Feb. 5, 2019
Grand Central Publishing
[that title is for my Carol people. they’re lesbians, Harold.]
Queer representation is really important to me. (I know, surprise). I had exactly no queer role models growing up, so seeing queer women in media was the only way I found out that I could be who I am *and* be a real, complicated, full human being. That’s the number one reason I seek out own voices stories: to see and lift up the voices that often aren’t heard, but are so crucial for people who are told by many loud facets of society that they are somehow less than because of who they are.
But also, I just love women-loving-women stories, so I was really excited to see Amy Feltman’s debut novel Willa & Hesper in Grand Central’s (an imprint of Hachette) winter 2019 catalogue. They had me at ‘lesbian love story.’
But this book defies that simple categorization. It’s more of a sprawling epic of internal growth, sparked by a love story.
Willa and Hesper meet in an MFA writing class (which earned this book another hard yes from me). The night they fall for each other is one in which a lot of other damaging stuff happens, especially for Willa. Their seven-month relationship ends up being the fast-spinning merry-go-round that flings both women onto their own separate but parallel paths. From Tbilisi to Berlin, New York City to San Francisco, each is on her own journey through family and cultural histories, evolving identity, and the turmoil of the 2016 presidential election.
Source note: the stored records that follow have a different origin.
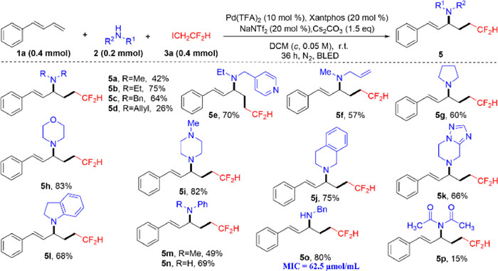 Then, we replaced different amines 2 to further investigate their inhibitory activity. It can be seen in Scheme 2 that various amines can be reacted smoothly and the corresponding target products γ-difluoromethylated allylamine (5a–5p) were obtained in moderate to excellent yields. Among them, compound 5o showed good inhibitory activity against Xoo (MIC = 62.5 µmol/mL).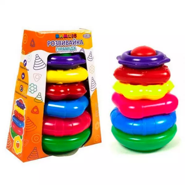 Пірамідка «Розвивайка», упаковка – демонстраційна картонна коробка. Іграшка складається з 6 деталей, які мають різний колір та форму. Висота пірамідки – 19 см, діаметр найбільшого кільця – 12 см. Матеріал – пластик Розмір без упаковки 12,5 x 12,5 x 19 см. Розмір в упаковці 17,5 x 12,5 x 21,5 см Вага 250 г.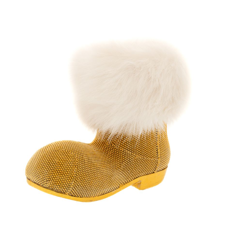 Χρυσή πολυρεζίν μποτά με γούνα (19x9x17 εκ.) – κομψό διακοσμητικό για τις γιορτές, με πολυτελή εμφάνιση και ζεστή αίσθηση για το σπίτι σας.

There are so many things I love about this book. I like that there’s a slight age difference between Willa and Hesper, that they’re both writers, and that they both struggle with mental health. They both definitely fit the bill for complex characters, and the more queer complex characters the better. The way mental illness is portrayed — as a nuanced and omnipresent part of life that needs to be managed more actively sometimes — felt very real to me. The trauma of sexual assault that isn’t rape is also really well depicted in the complicated ways that it follows its victim through the highs and lows of her life.
And the dialogue is spot-on. It reminds me of Sally Rooney’s Conversations With Friends in that is is so utterly millennial. That can feel grating at times if, like me, you are a millennial and you suddenly recognize how opaque you can be, but ultimately it makes for fast-paced reading and roots the story in a particular moment in time. Plus, there’s a lot of humor there that serves to lift a story that at times is quite dark.
Feltman also writes a great ensemble cast of characters that make great scaffolding for our protagonists. I especially love the relationship Hesper has with her sister Ada, but all of the supporting characters offer something interesting to the narrative. As a whole, having so many characters gives a sense of this story taking place in the world — a big world stuck through with fear and longing and confusion, and many different forms of love, and full of things you can and can’t control.
Plot-wise, a lot happens in Willa & Hesper, and by the end I really felt like I had been on a long journey of my own. The narrative includes meditations on faith, fear, sexual assault, modern queer identity and how fraught it can be and how malleable to circumstances, family legacy, and pop culture references. Willa’s Jewish identity was something I truly appreciated reading about, because I am not a person of faith and tend to shy away from anything religious, and it was fascinating for me to read a queer character of faith who is not Christian. Also, it’s a built-in reminder that naziism is alive and well, which is especially relevant to a story told around the 2016 election. Also, I’ve never read a story in which faithful Jewish person whose circle is very secular reckons with that, and I found it eye-opening.
Willa & Hesper does get a bit clichéd with its post-election moralism. I’m right there with the devastation the characters feel, but the dialogue in that section felt like a laundry list of all the things that white americans suddenly realized were so wrong with our country. Which is realistic to the moment even if it’s not that helpful in a larger sense. And while some of the traditional trappings of a debut novel can be found here — mainly a lot of flowery metaphorical language, and a real manic-pixie-dream-girl vibe from Hesper, especially at the beginning — I enjoyed this book immensely.
Even though I came for the lesbians, I so appreciate that this lesbian love story didn’t portray the relationship as the end-all-be-all of these characters’ lives. Ultimately I think I felt more invested in the characters specifically for this reason. I definitely recommend this book; it’s an engrossing and fast-paced read and a great addition to the queer lit canon.
I received a digital ARC from Grand Central in exchange for an honest review of this book. Opinions are my own.